> _Material provided_
'''
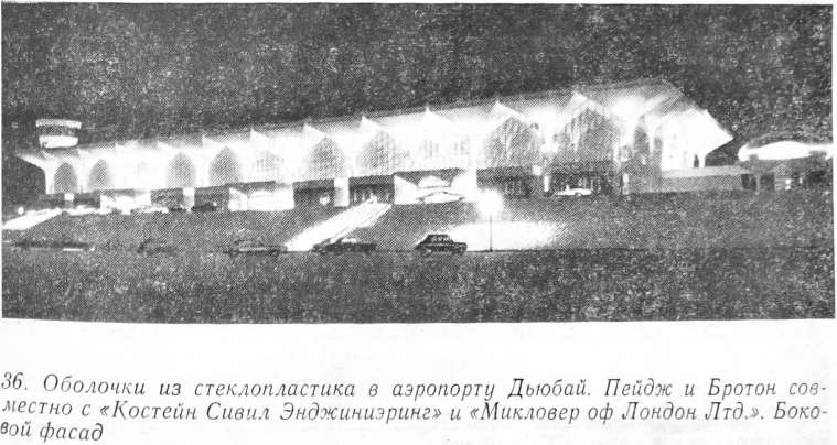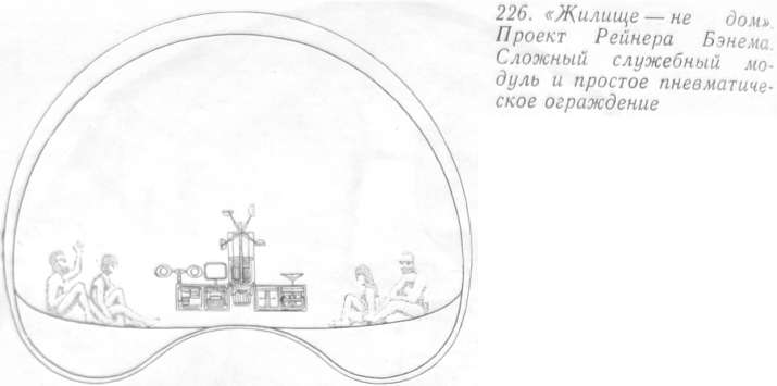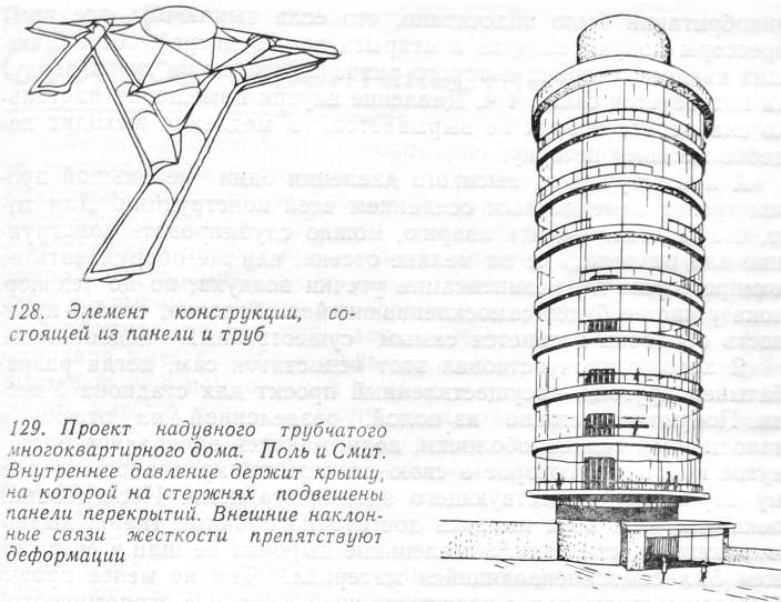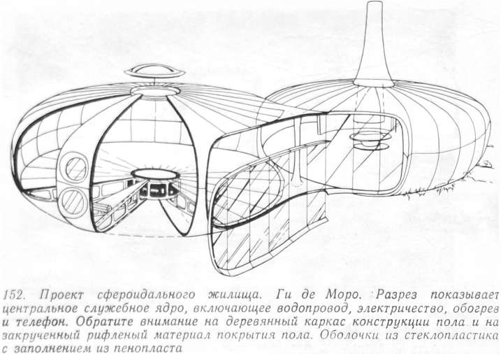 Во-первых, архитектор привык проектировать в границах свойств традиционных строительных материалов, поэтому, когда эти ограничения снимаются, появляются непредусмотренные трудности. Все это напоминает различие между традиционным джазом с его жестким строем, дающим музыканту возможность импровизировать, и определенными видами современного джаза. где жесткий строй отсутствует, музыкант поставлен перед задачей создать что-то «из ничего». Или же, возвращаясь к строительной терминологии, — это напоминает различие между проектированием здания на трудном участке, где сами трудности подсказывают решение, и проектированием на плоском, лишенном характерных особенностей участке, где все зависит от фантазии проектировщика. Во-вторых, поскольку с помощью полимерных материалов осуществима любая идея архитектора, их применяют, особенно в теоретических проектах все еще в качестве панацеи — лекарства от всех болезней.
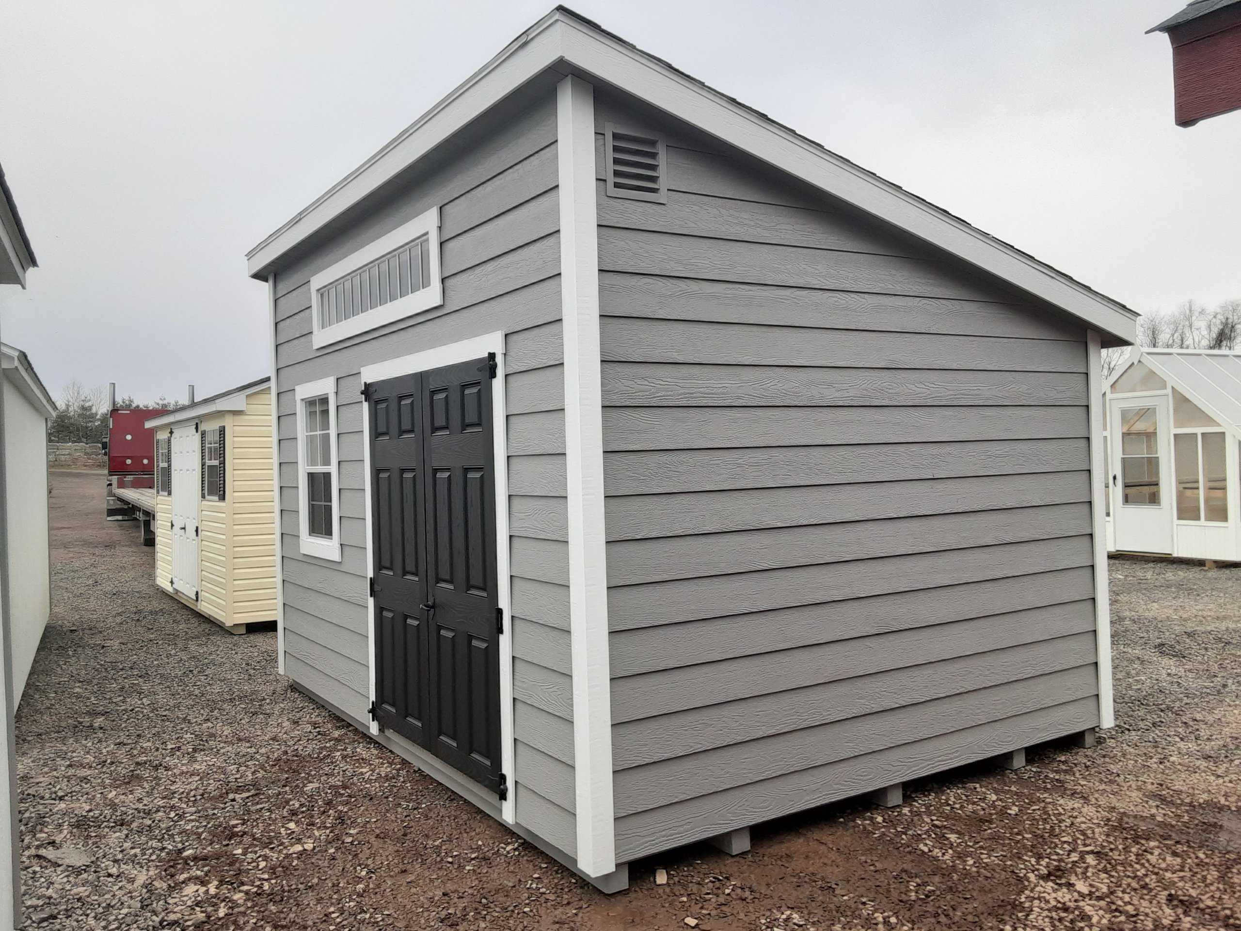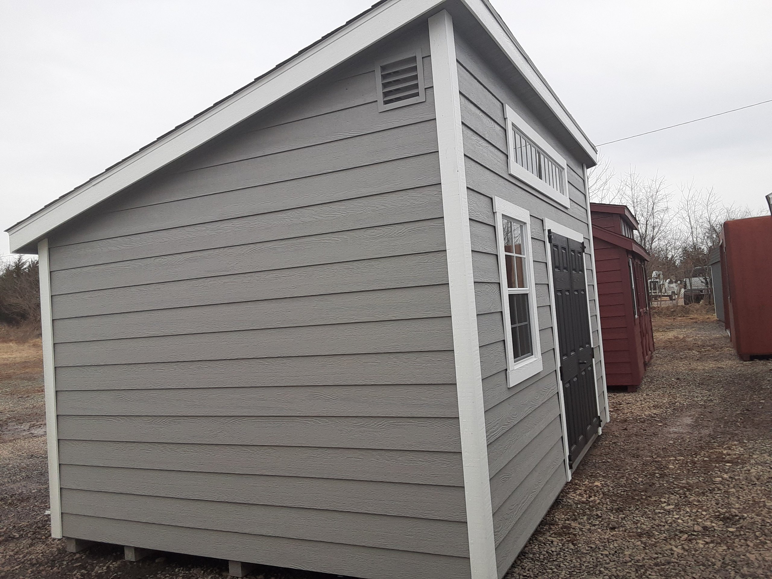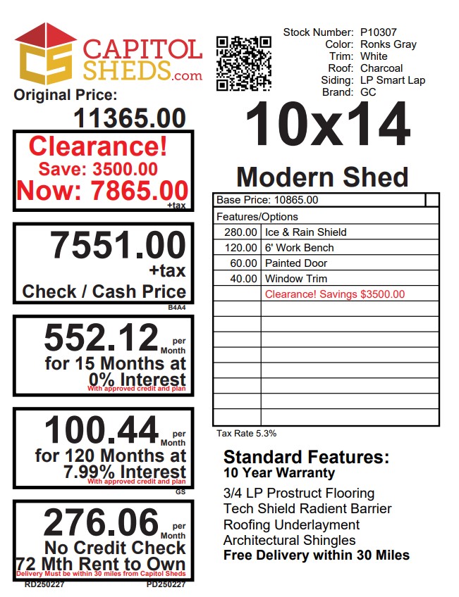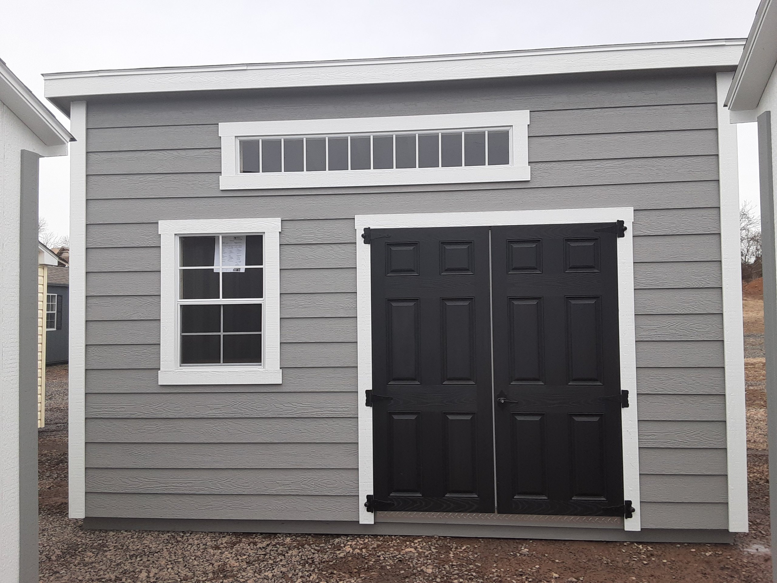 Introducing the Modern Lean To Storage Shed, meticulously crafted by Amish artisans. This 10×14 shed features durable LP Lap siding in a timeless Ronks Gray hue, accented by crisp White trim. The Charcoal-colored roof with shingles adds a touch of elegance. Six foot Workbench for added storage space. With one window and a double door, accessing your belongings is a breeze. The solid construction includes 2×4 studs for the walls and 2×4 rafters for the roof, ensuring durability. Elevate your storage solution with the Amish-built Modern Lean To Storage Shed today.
'''
'''
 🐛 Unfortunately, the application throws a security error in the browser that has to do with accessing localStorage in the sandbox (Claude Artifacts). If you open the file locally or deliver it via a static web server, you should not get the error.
'''
> _About this task_
In the listing above, the required lines run from the line with "Во-первых, архитектор привык" through the line with "Introducing the Modern". Output exactly those lines, omitting pictures.

> _Exercise output_
 Во-первых, архитектор привык проектировать в границах свойств традиционных строительных материалов, поэтому, когда эти ограничения снимаются, появляются непредусмотренные трудности. Все это напоминает различие между традиционным джазом с его жестким строем, дающим музыканту возможность импровизировать, и определенными видами современного джаза. где жесткий строй отсутствует, музыкант поставлен перед задачей создать что-то «из ничего». Или же, возвращаясь к строительной терминологии, — это напоминает различие между проектированием здания на трудном участке, где сами трудности подсказывают решение, и проектированием на плоском, лишенном характерных особенностей участке, где все зависит от фантазии проектировщика. Во-вторых, поскольку с помощью полимерных материалов осуществима любая идея архитектора, их применяют, особенно в теоретических проектах все еще в качестве панацеи — лекарства от всех болезней.
 Introducing the Modern Lean To Storage Shed, meticulously crafted by Amish artisans. This 10×14 shed features durable LP Lap siding in a timeless Ronks Gray hue, accented by crisp White trim. The Charcoal-colored roof with shingles adds a touch of elegance. Six foot Workbench for added storage space. With one window and a double door, accessing your belongings is a breeze. The solid construction includes 2×4 studs for the walls and 2×4 rafters for the roof, ensuring durability. Elevate your storage solution with the Amish-built Modern Lean To Storage Shed today.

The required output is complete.